Sayangnya, Kelas 1 masih agak jauh dari Kelas 8. Meskipun ada dukungan suara, kualitas suaranya jelas tidak sejernih suara jarak dekat.
Namun meski begitu, keberaniannya bernyanyi di hadapan seluruh teman sekelas di lapangan dan bernyanyi dengan sangat baik, memang cukup mudah menarik hati semua orang.
Seorang gadis di sebelahnya tak kuasa menahan diri untuk berbisik, "Dia terlihat sangat tampan dari belakang. Apa ini pengawas Kelas 8? Aku belum pernah dengar namanya."
"Aku pernah dengar tentang dia. Ada teman sekelasku waktu SMP dulu. Dia sering membanggakanku beberapa hari terakhir ini, katanya ketua kelasnya selalu menyediakan minuman dingin dan es krim gratis setiap sore. Aku iri banget," kata gadis lain.
"Astaga! Enak banget!"
"Apa dia sepupu ketua kelas kita? Aku ingat ada yang menyebutkannya. Bagaimana kalau kamu tanya ketua kelasnya, bolehkah dia memperkenalkannya padamu?"
"Haha~ Aku tidak mau, tanya saja."
Mendengar obrolan para gadis di sekitarnya, Ying Chanxi yang awalnya senang mendengarkan Li Luo bernyanyi, tiba-tiba mengerutkan kening. Ia melirik teman-teman sekelas di sebelahnya dan merasa sedikit tidak senang lagi.
Pada saat ini, Li Luo telah selesai bernyanyi.
Tetapi dia tidak berhenti memainkan gitar dan secara alami melanjutkan ke lagu berikutnya.

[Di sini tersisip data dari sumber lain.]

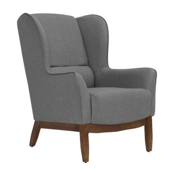 Poltrona Milena Linho Mescla Cinza e Madeira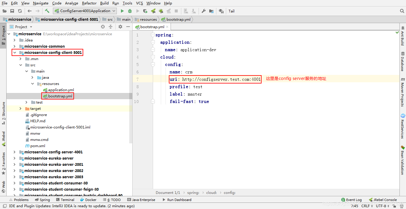 </dependency>因为项目启动的时候,就要调用server config端获取配置信息,所以这里需要一个bootstrap.yml配置文件(该文件的优先级比application.yml要高):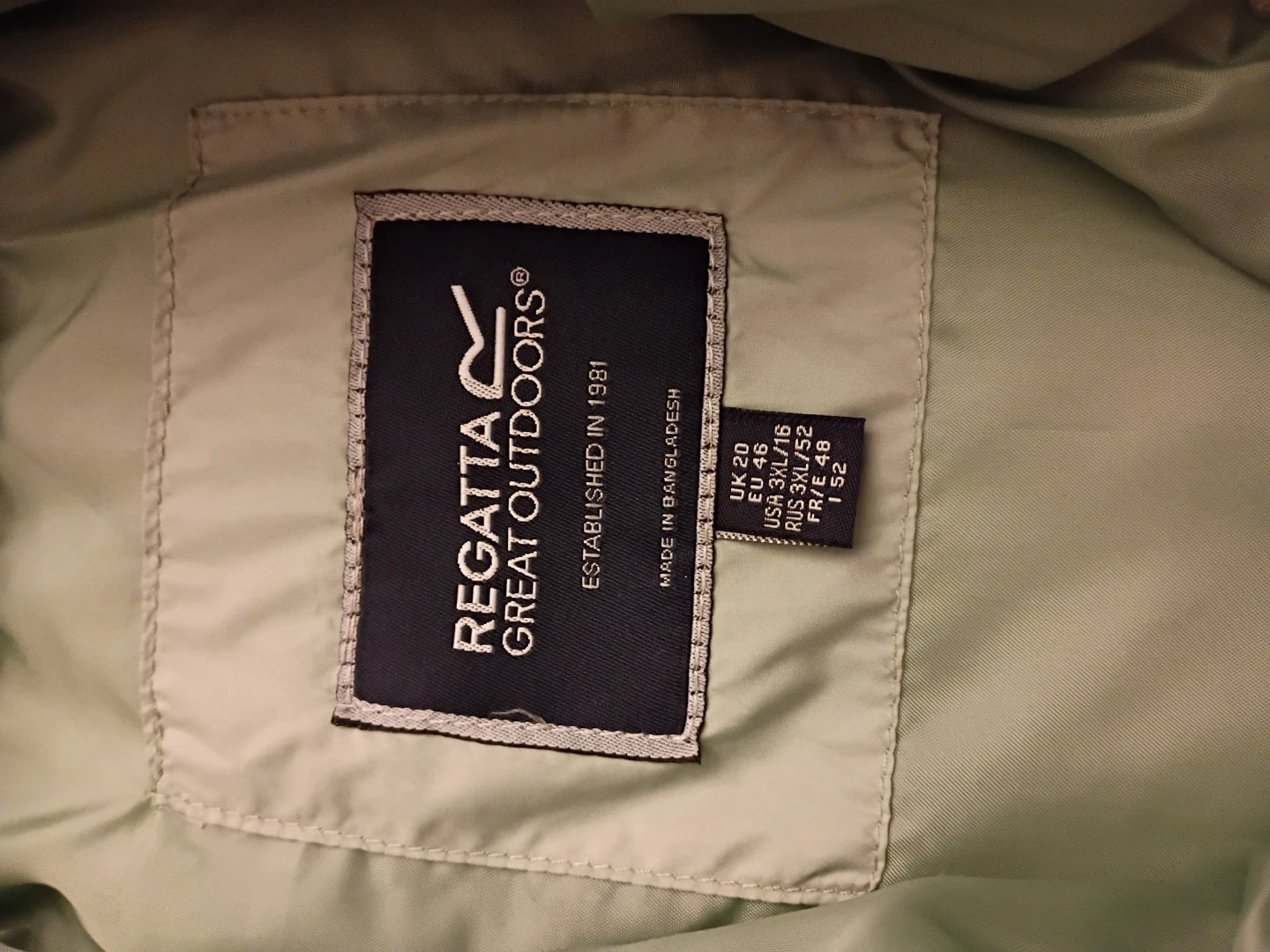 Selling a Regatta Great Outdoors puffer jacket! It's a lovely light green color and in great condition. The size is US 3XL/52.

Namun kali ini, ia tidak lagi menduduki mikrofon, melainkan melambaikan tangan ke arah Yan Zhusheng dan menyerahkan posisinya di depan mikrofon.
Mendengarkan melodi di telinganya, Yan Zhusheng berdiri secara alami dan berjalan ke Li Luo.
Bergoyang mengikuti irama, dia perlahan menutup matanya.
Ketika ia membuka matanya kembali, Yan Zhusheng tidak lagi tenang seperti biasanya. Seolah-olah sebuah lukisan telah diberi sentuhan akhir, ia tiba-tiba menjadi bersemangat.
"Duniaku~"
"Karena kamu, aku cantik~"
"Langitku~"
"Karena kamu, aku tidak akan gelap~"
Suara Li Luo lebih stabil, lebih jernih, lebih transparan dan halus daripada sebelumnya, dan menyebar dari pengeras suara seperti gelombang.
"Beri aku sayap~"
"Biarkan aku terbang~"
"Beri aku kekuatan~"
"Kamu membuatku kuat~"
Yan Zhusheng saat ini tampak seperti orang yang berbeda.
Para siswa Kelas 8 semua menatap kosong ke arah Yan Zhusheng di depan mereka. Mereka melihatnya melepaskan kuncir kudanya dan mengibaskan rambut panjangnya dengan sembarangan, diikuti oleh rentetan nada tinggi yang langsung menggema di kepala semua orang.
Jika nyanyian Li Luo tadi tenang dan mantap, maka Yan Zhusheng saat ini seperti seorang ratu yang membombardir panggung, melepaskan energinya sepenuhnya.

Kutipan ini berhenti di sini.